The energy of camp life made it easy for outsiders to assume the internees were enjoying themselves. They were not. Helmuth Weissenborn, the painter, later said simply: 'Internment was a continuous torment.' Schwitters in particular tried hard to project cheer; in private with his son he revealed his real disillusionment. An epileptic condition that had not surfaced since his childhood returned. His son recorded the strain: 'For the outside world he always tried to put up a good show, but in the quietness of the room I shared with him, his painful disillusion was clearly revealed to me. Kurt Schwitters worked with more concentration than ever during internment to stave off bitterness and hopelessness.' These were men whose homes had already been taken once by the Nazis, now confined again by the country that had supposedly given them refuge.

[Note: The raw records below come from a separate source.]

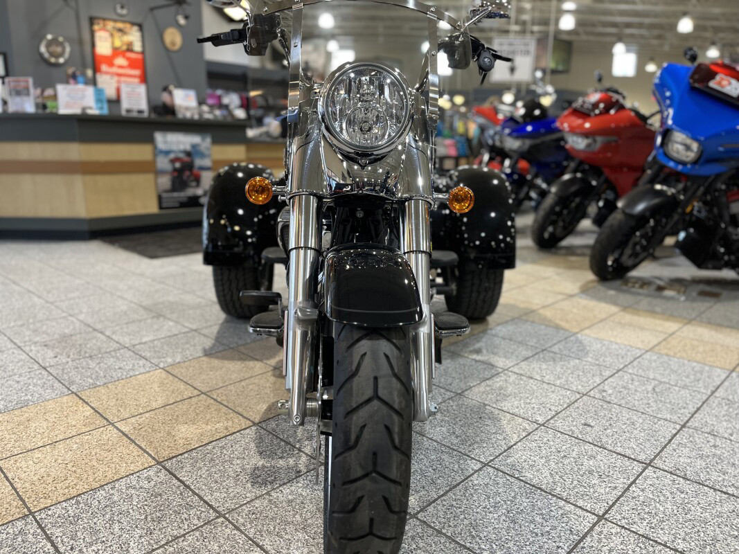 Stripped-down custom style meets the confidence of three wheels. You get braking enhancements like traction control and hill hold. And plenty of power, thanks to a Milwaukee-Eight 114 engine.
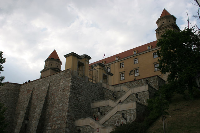 Bratislava Castle from 13th century is massive rectangular building with four corner towers. The Castle is located on the top of the hill of the Little Carpathians directly above the Danube river in the middle of Bratislava. Slovakia.
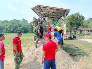 Hulu Gurung:Minggu Pagi Danramil 1206-14 Hulu Gurung Pelda Didik riyono dalam persiapan pelaksanaan Upacara peringatan HUT TNI ke 78 di lapangan sepak bola desa sejahtera kecamatan hulu gurung kabupaten kapuas hulu, (10/09/2023).
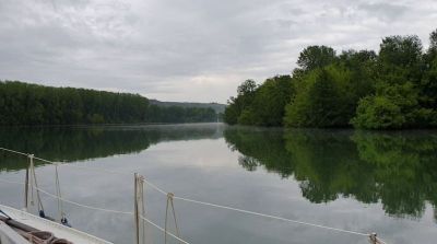Al día siguiente llegamos a los cañones del Rhin. Aquí el río se estrecha para pasar entre montes y la velocidad de la corriente se dispara. Llegamos a tener picos de once nudos. Cuando me acuerdo de los días de sufrimiento para hacer diez millas en el Doubs y ahora hacemos la misma distancia en una hora y sin ningun motivo de preocupación. Por fin el viaje parece que gana momento y llegar al báltico ya no parece tanto una quimera.
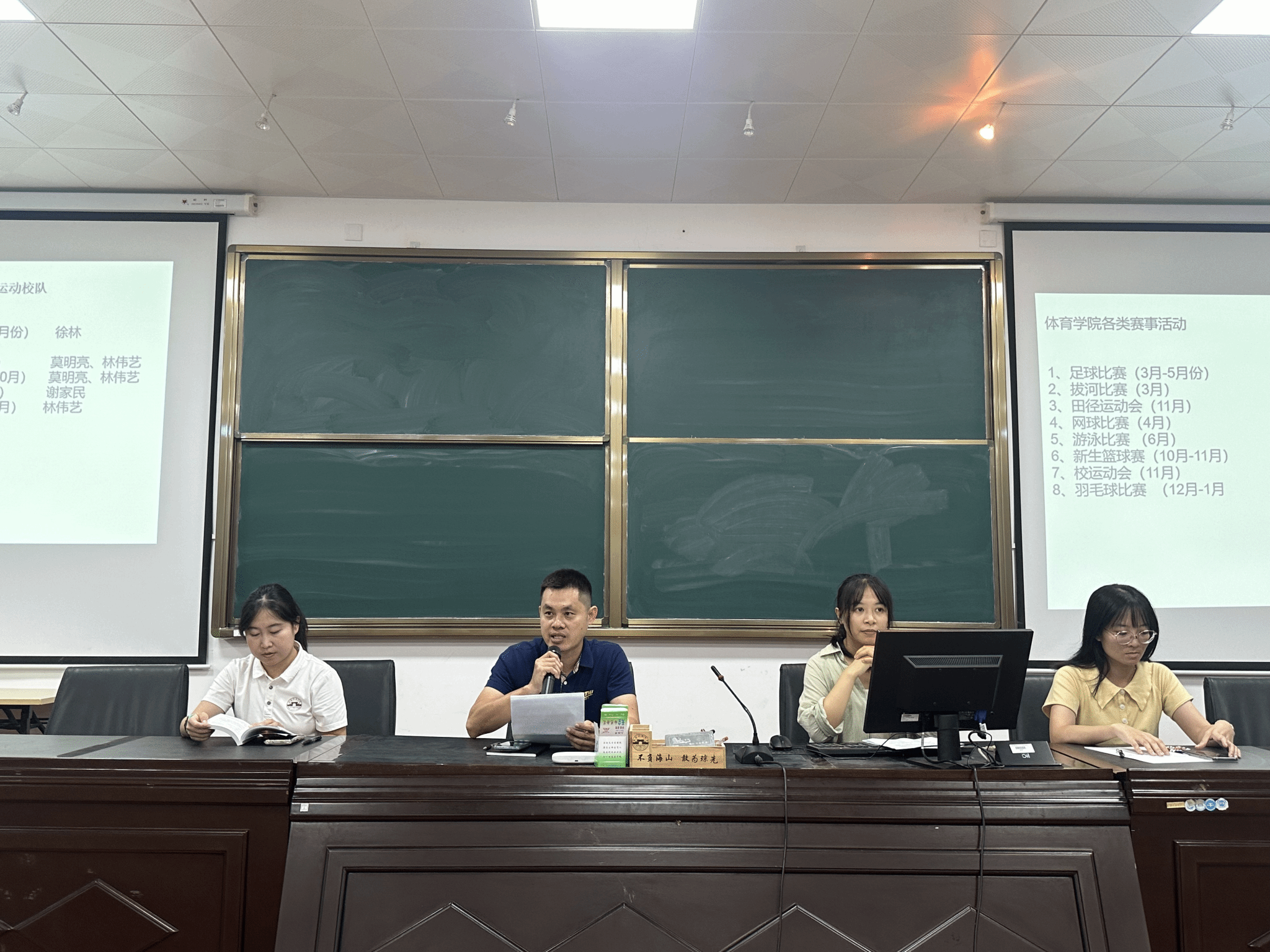 首先,由李光洪老师向同学们介绍学院各级领导以及分管辅导员的联系方式,并为同学们详细介绍了学校各项比赛,各种校队,鼓励全体新生积极参与专业学习和体育竞赛,做到多元发展。希望大家可以积极参与学校的比赛,进入学校的校队,努力学习新的运动项目,掌握新的运动技能。同时不松懈自己的锻炼,积极运动,努力成长为堪当民族复兴重任的时代新人。
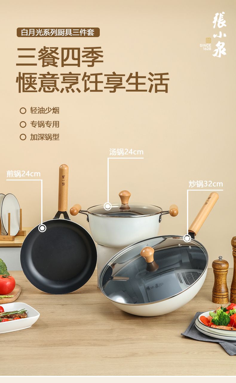 张小泉白月光系列锅具三件套C35603000
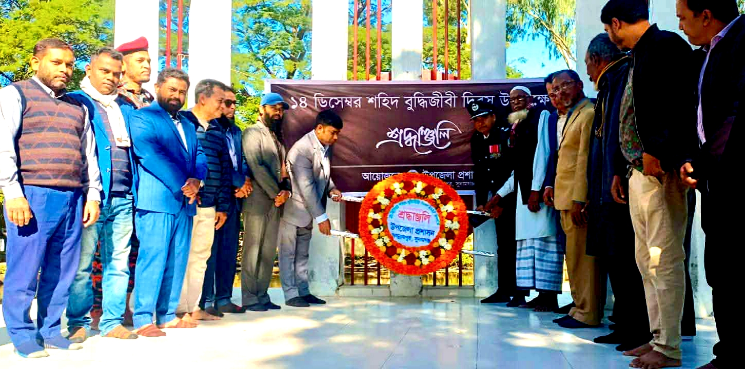 সুনামগঞ্জের জগন্নাথপুর উপজেলা প্রশাসনের উদ্যোগে ১৪ ডিসেম্বর শহিদ বুদ্ধিজীবি দিবস পালন করা হয়েছে। দিবসটি উদযাপন উপলক্ষ্যে শ্রদ্ধাঞ্জলি অর্পন ও আলোচনাসভা অনুষ্ঠিত হয়েছে। ১৪ ডিসেম্বর রোববার সকালে প্রথমে যথাযোগ্য মর্যাদায় শ্রদ্ধাঞ্জলি অর্পন করা হয়। পরে উপজেলা পরিষদ সম্মেলন কক্ষে আলোচনাসভা অনুষ্ঠিত হয়। জগন্নাথপুর উপজেলা নির্বাহী কর্মকর্তা মো.বরকত উল্লাহ এর সভাপতিত্বে অনুষ্ঠিত সভায় বক্তব্য রাখেন, উপজেলা সহকারী কমিশনার (ভূমি) মো.মহসীন উদ্দিন, জগন্নাথপুর থানার অফিসার ইনচার্জ (ওসি) মো.শফিকুল ইসলাম, উপজেলা প্রাণিসম্পদ কর্মকর্তা ডা.খালেদ সাইফুল্লাহ, উপজেলা কৃষি কর্মকর্তা কাওছার আহমদ, উপজেলা একাডেমিক সুপারভাইজার অরূপ কুমার রায়, বীরমুক্তিযোদ্ধা ইলিয়াছ আলী প্রমূখ। এতে বিভিন্ন শ্রেণি-পেশার নেতৃবৃন্দ বক্তব্য রাখেন ও অংশ গ্রহণ করেন
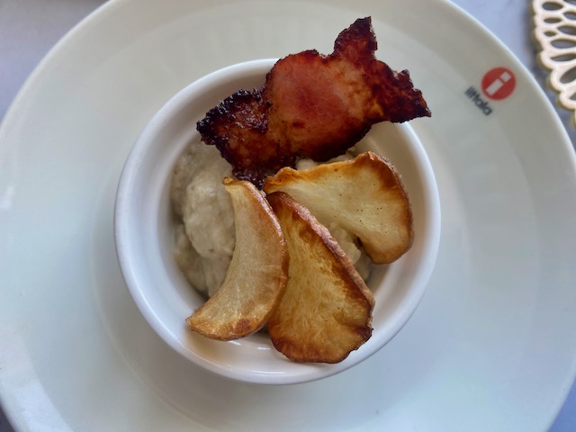 フライにした菊芋と カリカリベーコンを添えています
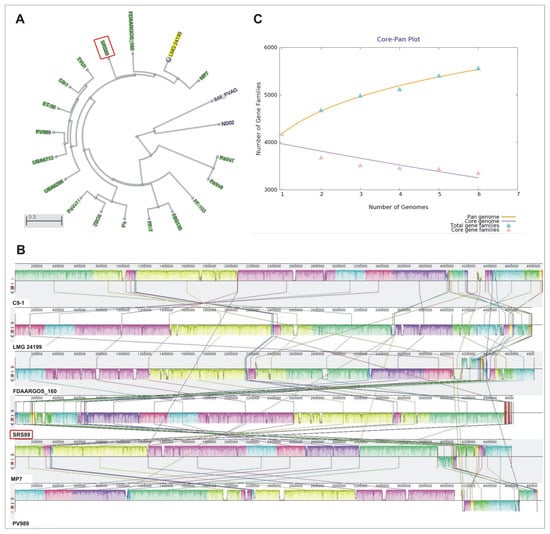 The phylogenic relationships among the compared strains were additionally visualized via pan- and core-genome analyses. Similarly, as in the initial phylogeny analysis results, the pan-genome analysis clustered SRS89 in a separate clade at a long distance to C9-1, while the core-genome-based analysis clustered SRS89 as genetically more like MP7 and LMG24199 (Figure 4). A relatively large pan-genome-based distance was observed between SRS89 and FDAARGOS_160, which were clustered in a direct vicinity in genome-based analysis.
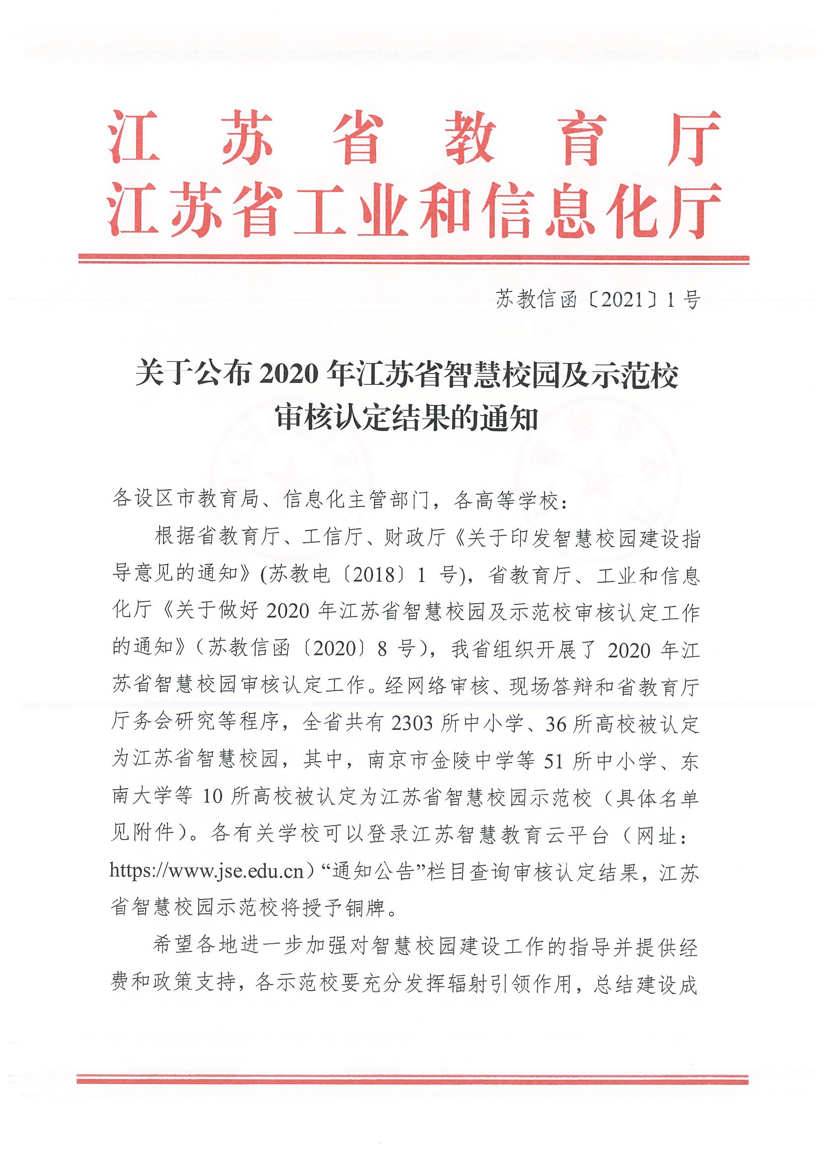 近日,江苏省教育厅、江苏省工业和信息化厅联合印发《关于公布2020年江苏省智慧校园及示范校审核认定结果的通知》(苏教信函〔2021〕1号),我校被认定为2020年江苏省智慧校园!
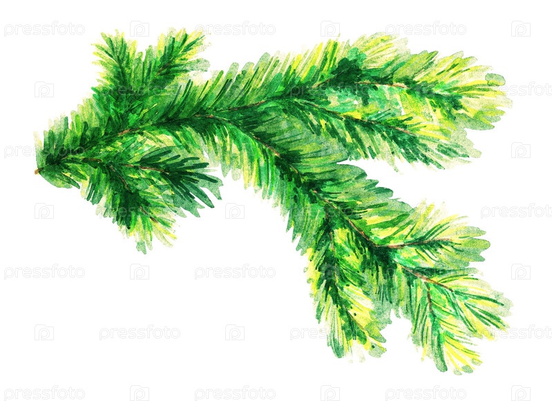 Еловая ветка. Акварель
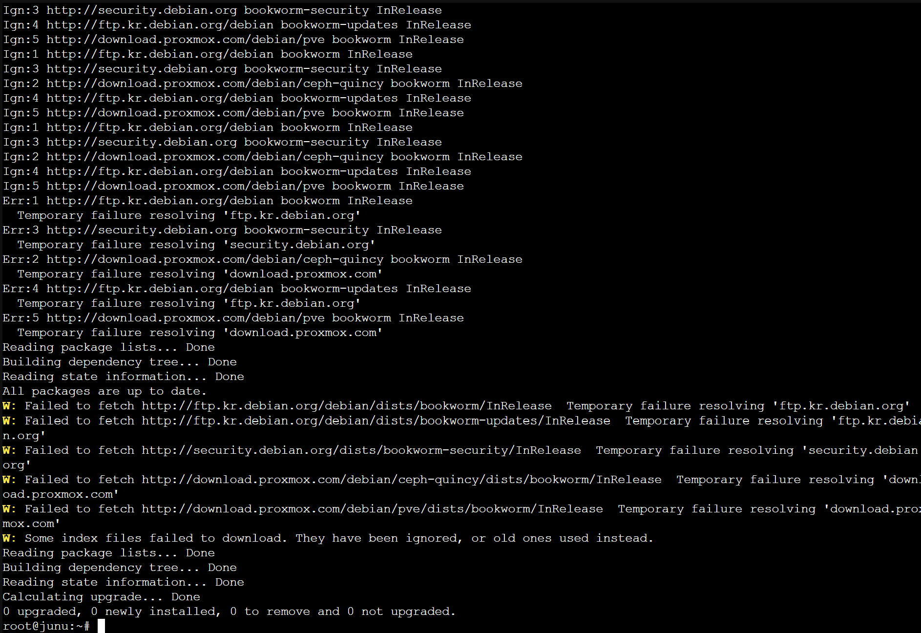 - /etc/apt/sources.list.d/pve-enterprise.list에서 enterprise를 주석 처리
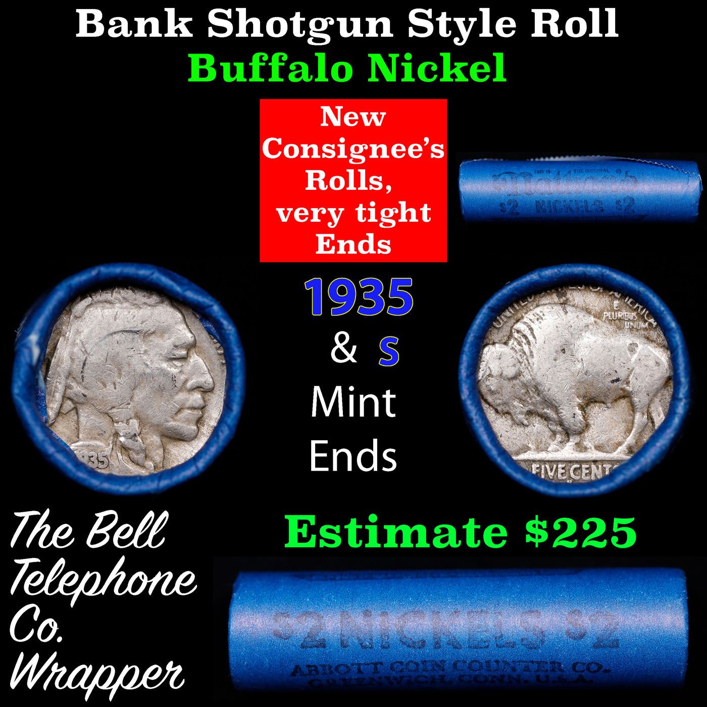 Buffalo Nickel Shotgun Roll in Old Bank Style 'Abbott Coin Counter' Wrapper 1935 & s Mint Ends. The roll is held in an old, rare "Brandt Abbott Coin Counter" Bank style wrapper. They are all from one estate, the ends on these rolls are very tight. We will guarantee they are all full dates.
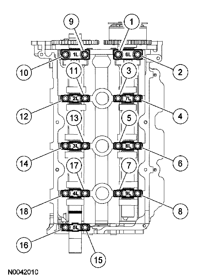 Tighten the LH camshaft bearing cap bolts in the sequence shown to 10 Nm (89 inch lbs.)
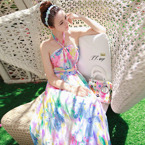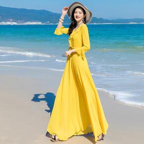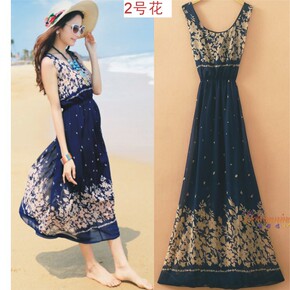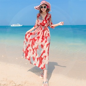 泰国三亚海边度假沙滩裙女夏波西米亚长裙雪纺碎花显瘦...
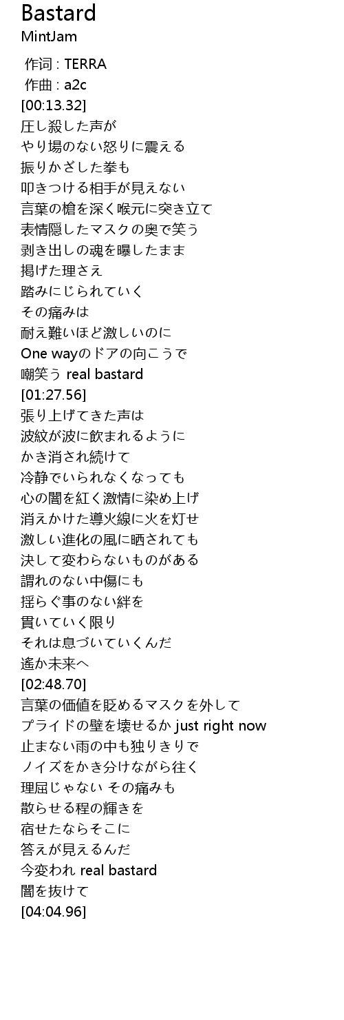 | [03:56.96] | 今変われ real bastard |
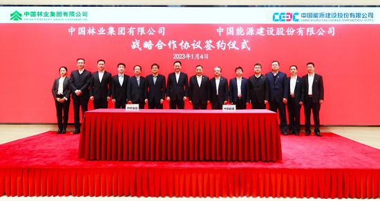 1月4日,中國林業(yè)集團(tuán)有限公司與中國能源建設(shè)集團(tuán)有限公司在京簽署戰(zhàn)略合作協(xié)議。中林集團(tuán)黨委書記、董事長余紅輝,中國能建黨委書記、董事長宋海良出席并見證簽約。中林集團(tuán)黨委委員、副總經(jīng)理黃其正,中國能建黨委常委、副總經(jīng)理吳云分別代表雙方簽署合作協(xié)議。
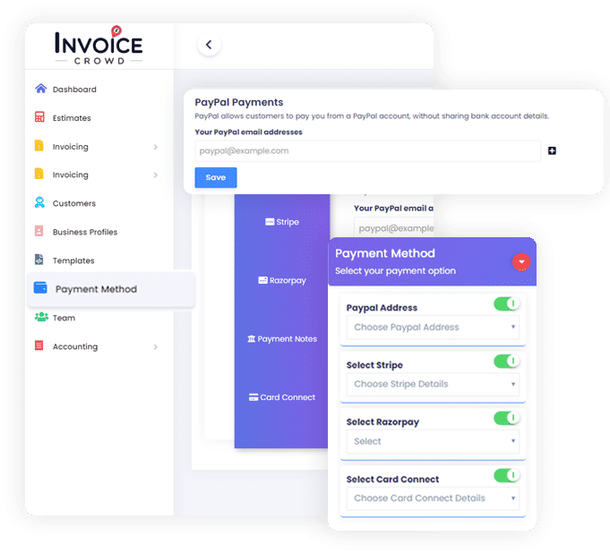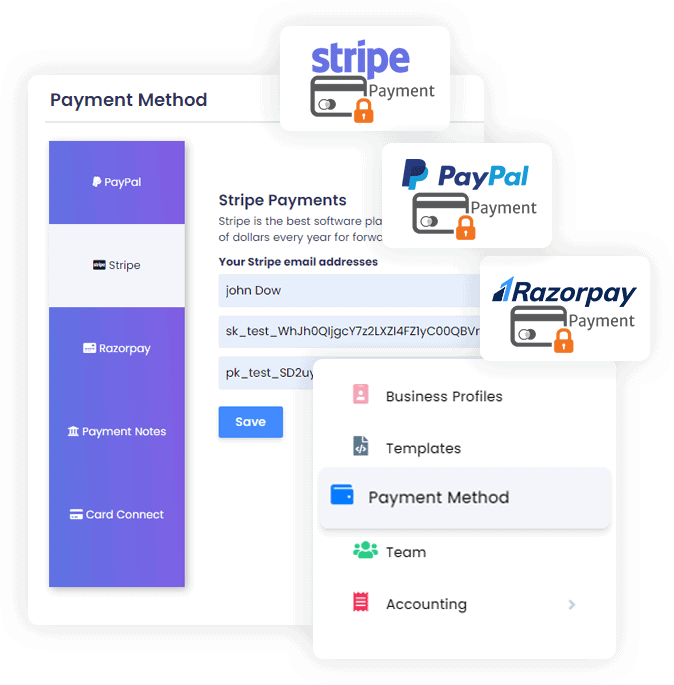 Prove your clients to pay faster by using Paypal, Stripe, Razorpay, and Card Connect.
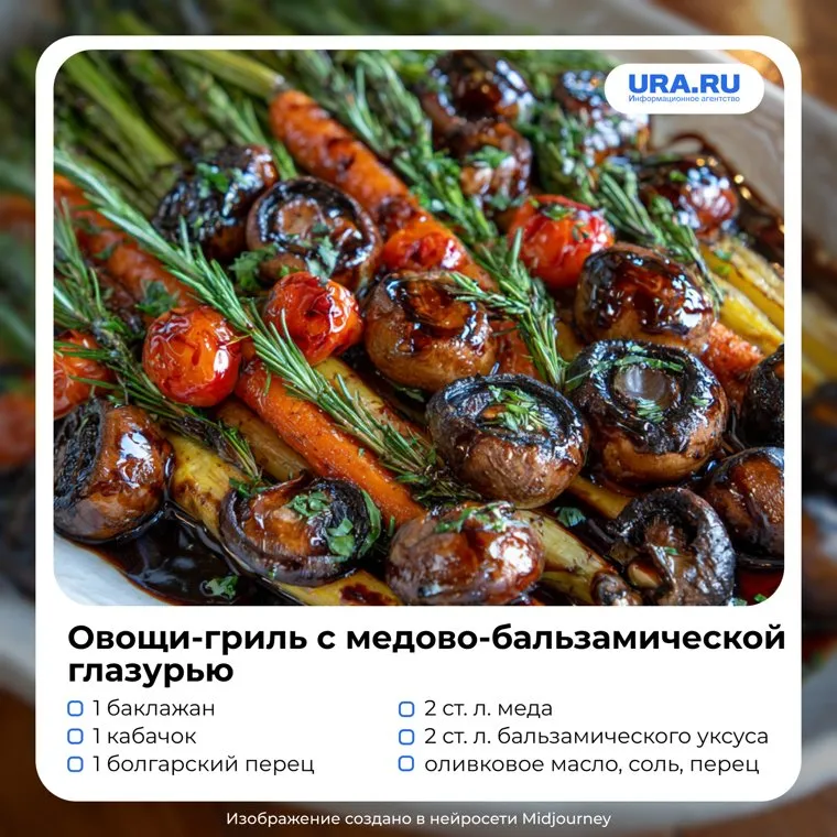 Нарежьте овощи, обжарьте на гриле или сковороде. Смешайте мед с уксусом, полейте овощи и прогрейте еще минуту.

The camp produced its own English-language newspaper, The Camp, written by and for the internees. It carried stories, reviews, editorials, and news from the island and the wider war. There were no illustrations, despite the artistic wealth a few houses away, unlike the Onchan Pioneer produced at the camp further north. Hutchinson closed in March 1944, its remaining 228 inmates transferred to Peveril Camp in Peel so that Hutchinson could be turned over to prisoners of war. Many internees had already been released long before that; others would not see Britain proper again for years. The story has been told properly in Simon Parkin's 2022 book The Island of Extraordinary Captives, which won the 2023 Wingate Prize and follows Peter Midgley, born Peter Fleischmann, who was interned at seventeen and learned to paint at Hutchinson under Schwitters' eye. The square is still there. The houses are still there. The fence is gone.
Hutchinson Square sits at 54.1603°N, 4.48°W in central Douglas, a few blocks inland from the promenade and close to Broadway. Best viewed from 1,500–2,500 feet AGL; the square is a small green ringed by Victorian terraced houses, north-east of the Sea Terminal and harbour. Nearest airport is Isle of Man / Ronaldsway (EGNS), about 8 nm south. Onshore winds and frequent rain are typical of the Irish Sea coast.